Adolf Gasser zum Beispiel, der antifaschistische Leitartikler der Basler National-Zeitung zur Nazi-Zeit, mit Vorlesungen zur Verfassungsgeschichte. Mit ihm habe ich ein Seminar gemacht zur Fischer-These, zur Entfesselung des Ersten Weltkriegs (vgl. Fischer 1961). Dann Walter Muschg, der Germanist. Er starb früh in meinem Studium.

Wie sind Sie zu Ihrem Promotionsthema gekommen?

Das war lustig. Der Politologe Erich Gruner aus Bern hat ein Parlamentarier-Lexikon gemacht, 1848 bis 1918 (vgl. Gruner 1966). Für Baselland hat ihm Fritz Klaus zugearbeitet, mein alter Klassenlehrer. Als Gruner dann auf gleiche Weise eine Parteiengeschichte schreiben wollte (vgl. Gruner 1969), hatte Klaus genug und schlug mich als Mitarbeiter vor. Ich sagte zu und wollte dann mit einer Parteiengeschichte von Baselland promovieren, merkte aber rasch, dass der Parteienbegriff im 19. Jahrhundert nicht taugt. Es wurde dann eine Geschichte der Demokratie – und zugleich eine Pressegeschichte (vgl. Blum 1977).

Nach der Promotion hatten Sie drei Karriereoptionen. Wann haben Sie gewusst, dass Sie zunächst im Journalismus weitermachen und nicht in der Politik oder an der Universität?

Dass der Weg in die Politik geschlossen ist, war schon 1974/75 klar. In der Kantonsregierung war ein Mitglied zu ersetzen. Gewählt wurde ein Parteikollege, der nur ein paar Jahre älter war als ich. Und an die Uni wollte ich nicht.

Warum nicht?

Ich habe einfach gesehen, wie gescheit meine Kollegen dort alle waren. Es hat mich auch nicht gereizt. Ich habe mich als Journalist zunächst erfolglos bei der NZZ beworben, und dann kam die Anfrage aus Luzern.

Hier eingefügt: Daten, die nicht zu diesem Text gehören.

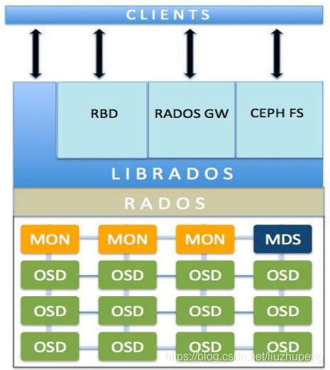 RADOS는 OSD,MON으로 기본 구성되며 사용하는 스토리지 타입에 따라 MDS, RGW를 추가적으로 사용
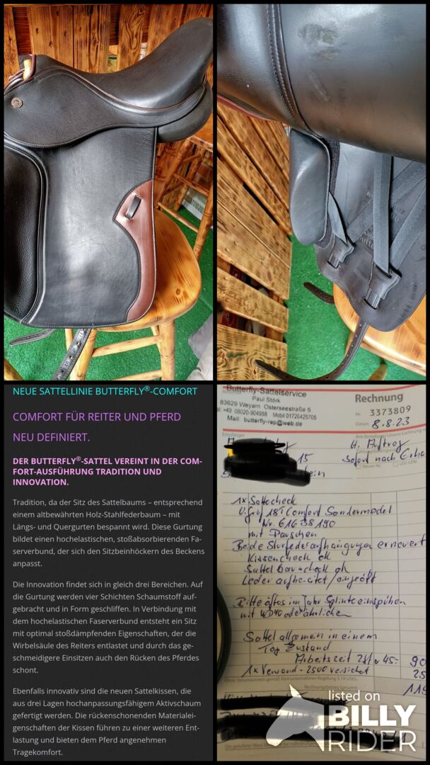 Siodło Butterfly Comfort Uta Gräf 18 T - Witam, oferuję nasze piękne siodło. Od ostatniego przeglądu w 2023 roku (patrz zdjęcie 11) siodło było na koniu dwa razy.
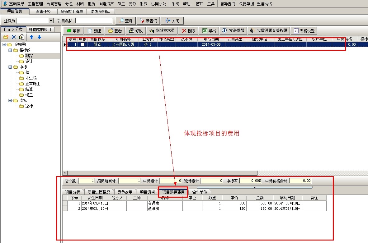 以公司的“市場(chǎng)部”或“銷售部”來(lái)進(jìn)行前期費(fèi)用的承擔(dān)。如果項(xiàng)目沒(méi)有中標(biāo),則前期跟蹤費(fèi)用自然歸屬到該部門下,如果中標(biāo)通過(guò)在【項(xiàng)目維護(hù)】中新建項(xiàng)目,從項(xiàng)目開(kāi)拓中引入,并確認(rèn)結(jié)轉(zhuǎn)費(fèi)用即可。
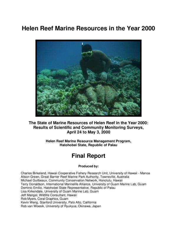 Helen Reef in the Southwest Islands of Palau is the one of the greatest marine assets of the Hatohobei (Tobi) People and of the Republic of Palau. Helen Reef is known as one of the most biologically diverse coral reef atolls in the Pacific and historically one of the most biologically abundant reefs in Palau,including acclaimed populations of plentiful marine resources including, trochus, turtles, sea cucumbers, seabirds, and many large reef fish. Reflected in its traditional Hatohobeian name Hotsarihie, which signifies Reef of the Giant Clam, Helen Reef is perhaps most famous in the region for its once ubiquitous giant clams, and unfortunately the unchecked foreign poaching that has occurred there over the past decades. The richness and abundance of the atolls resources are factors of its location, being remote from human populations and bordering the biodiverse marine eco-regions of Melanesia and SE Asia. The cumulative characteristics of the atoll have attracted many users over time including subsistence fishers from Hatohobei and neighboring islands, sea-faring traders, local businesses interests, and foreign commercial resource operations. The remoteness of Helen Reef which contributes to its historical levels of resource abundance is also a underlying cause for recent resource declines, as the atoll is usually uninhabited and has been notably vulnerable to poaching for the last half century by foreign fishermen from Asian countries

Wenn es damals schon Untersuchungen zum journalistischen Selbstverständnis gegeben hätte: Wo hätte sich der Innenpolitikredakteur Roger Blum eingeordnet?

Ich war nie ein investigativer Journalist. Nachrichten, Recherche, Aufklärung und Interpretation waren mir wichtig. Kommentare habe ich immer geschrieben, auch schon für den Pressedienst der Freisinnigen, den ich im Baselland einige Jahre gemacht habe.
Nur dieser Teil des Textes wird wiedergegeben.